### Overview
Kubernetes relies heavily on API calls and is sensitive to network issues. When troubleshooting, standard Linux tools and processes are essential. If a shell, such as bash, is not available in an affected Pod, consider deploying another similar Pod with a shell, like busybox. Tools like DNS configuration files and `dig` are good starting points. For more challenging issues, tools like `tcpdump` may be necessary.
Large and diverse workloads can be difficult to track, making monitoring usage essential. Monitoring involves collecting key metrics such as CPU, memory, disk usage, and network bandwidth on nodes and applications.
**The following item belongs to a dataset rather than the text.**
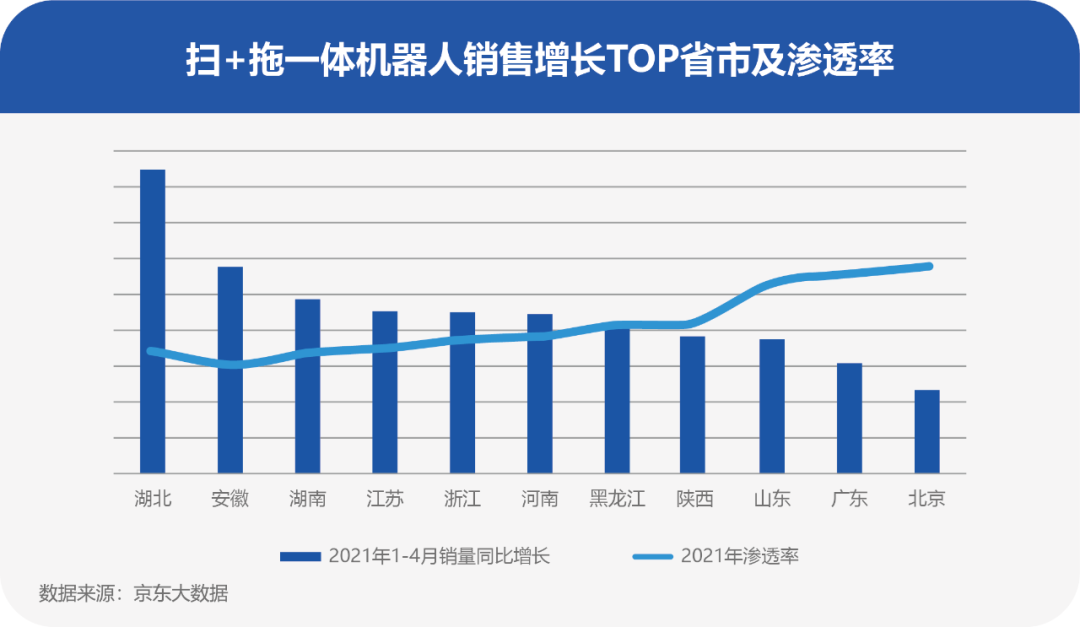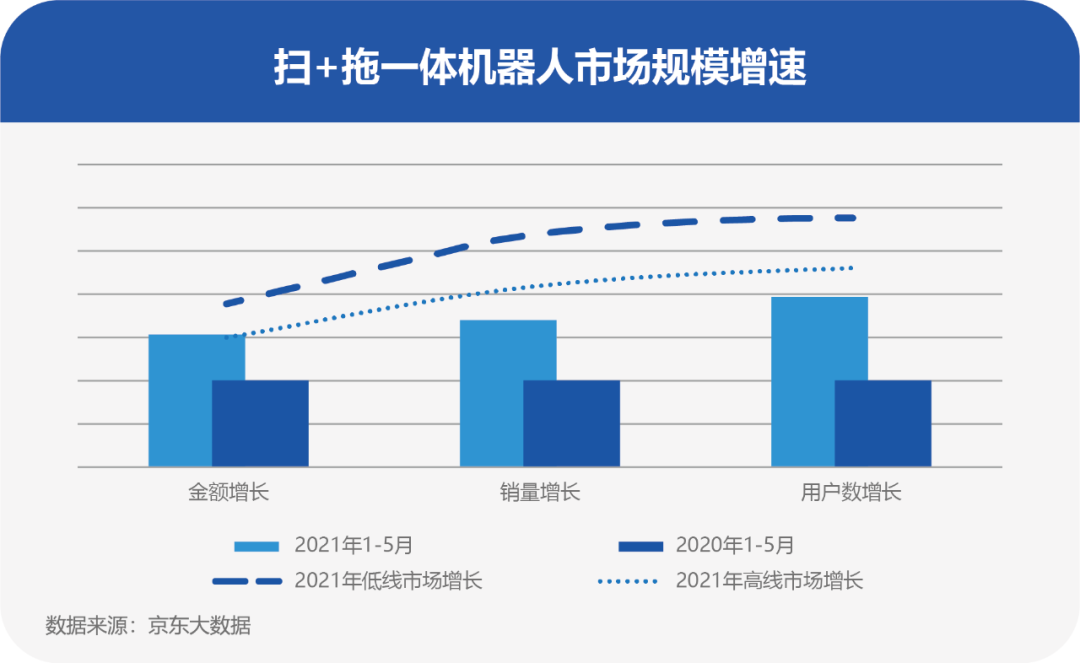 京东针对2020年以来的消费趋势,发现除了吸⼒提升、智能避障、路径规划等常规提升外,⾃动集尘和扫拖⼀体机⾃动清洗也是热⻔⽅向。2021年1-5⽉,“扫+拖一体机器⼈”的销量同⽐增⻓70%以上,远超扫地机器⼈增⻓,成为该细分品类中消费者需求迫切、各⼚商发⼒⻆逐的崭新赛道。

While Kubernetes now includes the Metric Server for such tasks, logging is not integrated.
### External Logging Solutions
To aggregate logs, external solutions like Fluentd, Prometheus, and the ELK stack (Elasticsearch, Logstash, Kibana) are often used. Fluentd serves as a unified logging layer, making it easier to visualize and search logs. Prometheus provides a time-series database and integrates with Grafana for visualization and dashboards.
### Basic Troubleshooting Steps
The troubleshooting flow should start with the obvious. If there are errors from the command line, investigate them first. Here's a basic flow:
1. **Command Line Errors**: Start by resolving any command line errors.
2. **Pod Logs**: Use `kubectl logs pod-name` to view container logs. If no logs are available, consider deploying a sidecar container for logging.
3. **Networking**: Check DNS, firewalls, and general connectivity using standard Linux commands and tools.
4. **Security Settings**: Verify RBAC settings, SELinux, and AppArmor configurations.
5. **API Calls**: Enable auditing for the kube-apiserver to review accepted actions.
6. **Node Logs**: Check node logs for errors and ensure sufficient resources.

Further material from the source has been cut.